# I Probability of some sequence in a list of numbers

1. Aug 10, 2017

### Vrbic

Hello,
would like to derive a length of list of random numbers in which I may find some special sequence of few numbers with some probability.

For clearness I give an example: I have two generator of (pseudo) random numbers with same range of numbers, let's say (1-k). First generator give a random sequence of n numbers from range (1-k) and numbers may repiet. The second do the same but sequence of m numbers and m>n. What has to be m and n if I would like to find n in m (anywhere) with probability p?

2. Aug 10, 2017

### Vrbic

Ok my opinion is:
in long sequence "m" is $m-n+1$ of "n" sequences. A number of combinations of small sequence "n" is $k^n$. So probability than is $p=\frac{m-n+1}{k^n}$
Is it right?

3. Aug 10, 2017

### FactChecker

You need to explain more. For instance, you should say if you are talking about integers in some range or about real numbers. And what type of "special sequence" are you talking about? -- exact values, increasing numbers, etc. etc.

4. Aug 10, 2017

### Vrbic

Sorry, I'm talking about integers. And both sequences are random sequences of numbers from range (1-k). The word special was wrong.

5. Aug 10, 2017

### FactChecker

Sorry, I see that that was probably clear in your original post. I misread it.

6. Aug 10, 2017

### Vrbic

Nevermind, and what do you mean about my formula from post #2?

7. Aug 10, 2017

### FactChecker

I don't know the answer. And I'm still not completely clear on the question. Are you starting with a given sequence that needs to be matched or are you asking about any repeats of a certain length? Either way, I am not sure that I can answer your questions. I'll have to leave that to people who are better at it.

8. Aug 10, 2017

### Staff: Mentor

It is complicated.

Let's start with an easier question: For a given sequence of n integers from 1 to k, what is the probability that this sequence appears in a sequence of m random integers from 1 to k?
It turns out that this probability depends on the sequence. As a simple example, consider k=1, m=3 and compare the sequences "11" and "12". For the string of length 3, there are 8 options (111, 112, 121, 122, 211, 212, 221, 222), three of them contain "11" but four of them contain "12". That does not mean "11" would be less likely to appear, but it appears twice in the same string (in 111) while "12" does not.

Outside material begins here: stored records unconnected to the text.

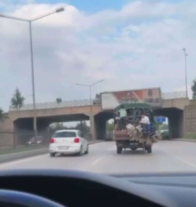 Bursa’da açık kasa kamyonete fazla malzeme yükleyerek merkez Osmangazi ilçesi İzmir Yolu Caddesi üzerinde ilerleyen sürücü, diğer araç sahiplerine korku dolu anlar yaşattı. Bir süre ilerlediği görülen kamyonetin üzerindeki ipler gevşeyince malzemeler caddeye düştü. Bir diğer görüntüde ise motosikletin yanındaki sepete oturan kişi ölüme adete davetiye çıkardı. Hiçbir güvenlik tedbiri almadan dakikalarca seyir eden sürücü, hem kendisinin hem de arkadaşının canını hiçe saydı. Başka bir görüntüde ise İnegöl’de yük dolu bir kamyonetin kasasında seyreden kişiler kilometrelerce ilerledi. Soğukkanlı kişilerin kazaya davetiye çıkardığı anlar ise herkesi şaşkına çevirdi.
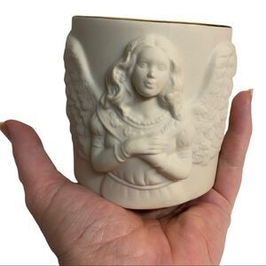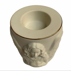 A celebration of the season, the Radiant Light Angel Votive features a beautiful angel with flowing hair. Crafted of creamy porcelain, this lovely votive is trimmed in gold. A tea light is included. Makes a wonderful hostess gift.
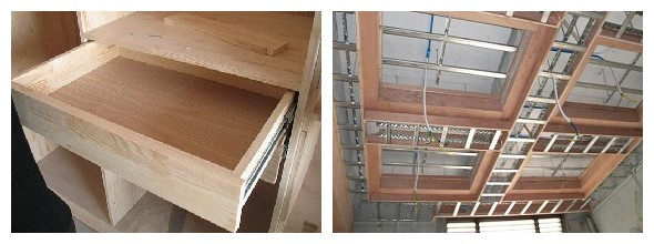 ● 抽屜高度120mm-140mm,木工板制作框架,碼釘固定。橫面木工板切面應(yīng)用膩?zhàn)由嫌?
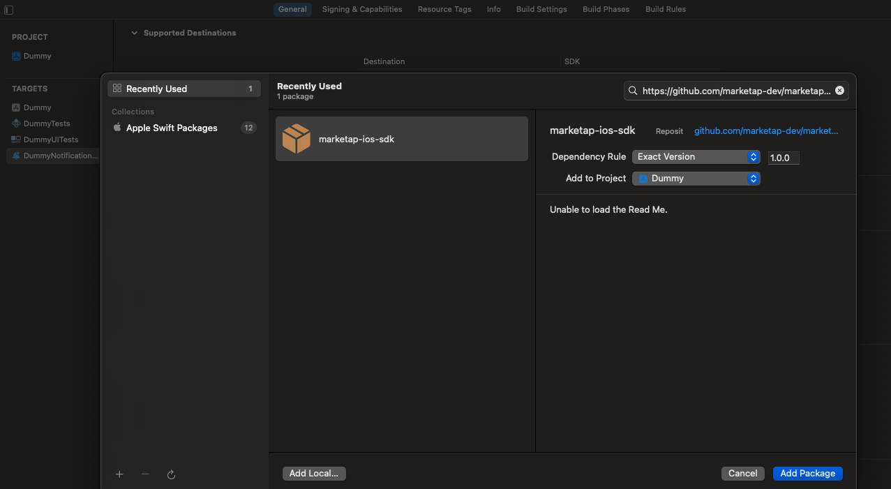 Package URL에 <https://github.com/marketap-dev/marketap-ios-sdk> 를 입력, Up To Next Minor Version LATEST\_VERSION 을 넣고 진행해줍니다.
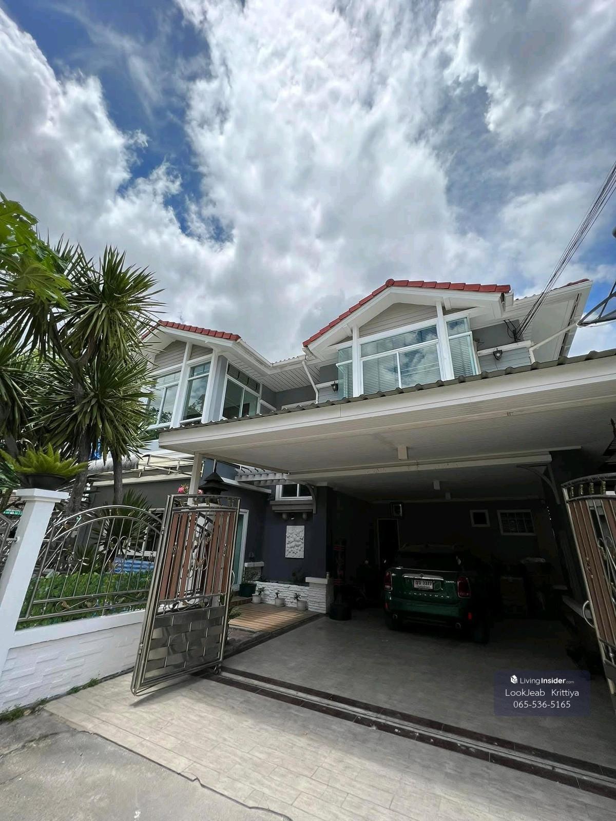 House for sale at Lat Phrao 71 with all furniture 9,800,000 (excluding transfer fee) 3 bedrooms, 3 bathrooms, 89 sq m. Project: Prachaya Garden Home Location: Soi Nakniwat 48, Nakniwat Road - Lat Phrao 71, Lat Phrao Subdistrict, Lat Phrao District, Bangkok Land size 89 sq m | Usable area 360 sq m, wide area in front of the house 1. 3 bedrooms | 3 bathrooms 2. Living room 3. Buddha room 4. Karaoke room (KTV) 5. Laundry room 6. Parking space for 2 cars, another 1 in front of the house Fully furnished Ready to move in 4 TVs, 6 air conditioners, air filter, other electrical appliances, free Wi-Fi, safe, electric massage chair - [ ] Convenient transportation, inexpensive food (Entrance: Ratchada 32, Lat Phrao 71) - [ ] Nearby locations 1. Central Eastville 2.1 km 2. Crystal Park 1.3 km 3. The Walk Ramintra-Kaset Nawamin 1.7 km 4. Hua Mum Market 1.5 km 5. Satri Witthaya 2 School 5.50 km 6. NIVA American International School 8 km
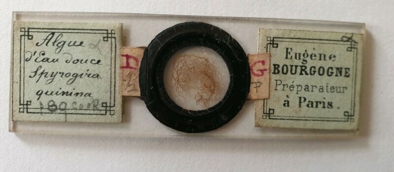 Title (ebay affiliate link): FINE ANTIQUE BOTANICAL MICROSCOPE SLIDE "ALGAE" EUGENE BOURGOGE

For a given sequence, you can calculate the probability that it appears with a Markov chain. There is no nice general formula, and you have to do this for every type of pattern a sequence of n integers can form.
If n=1 or k is large, the approximation of m-n+1 independent sequences of length n will give a reasonable approximation in most cases, and the cases where it fails are long repetitions, they are unlikely for large k anyway (especially for large n).

9. Aug 11, 2017

### Vrbic

What is behind:
Roulette and very well known myth about winning due a betting on one color and doubling of a bet. Probably you know it. You bet still one color (black/red) and when you lose you double your bet untill you win.
So question is what is probability of sequence of let's say 6-10 same color in line?
May I use my formula for that?

10. Aug 11, 2017

### Staff: Mentor

Neglecting 0 we have the case k=2, where your formula shows large deviations.

11. Aug 14, 2017

### Vrbic

Ok, so there doesn't exist some easy formula how to describe such situation?

12. Aug 14, 2017

### Staff: Mentor

Not that I am aware of, but calculating it with Markov chains is fast. You can probably find some approximation for most cases, where only some special cases (like long series of the same color) lead to some deviations, but these special cases are rare.

13. Aug 15, 2017

### Vrbic

Ok, thank you. And do you know about good article or some text about Markov chains?

14. Aug 15, 2017

### Staff: Mentor

The Wikipedia article should give a good introduction, and there are various textbooks with more details.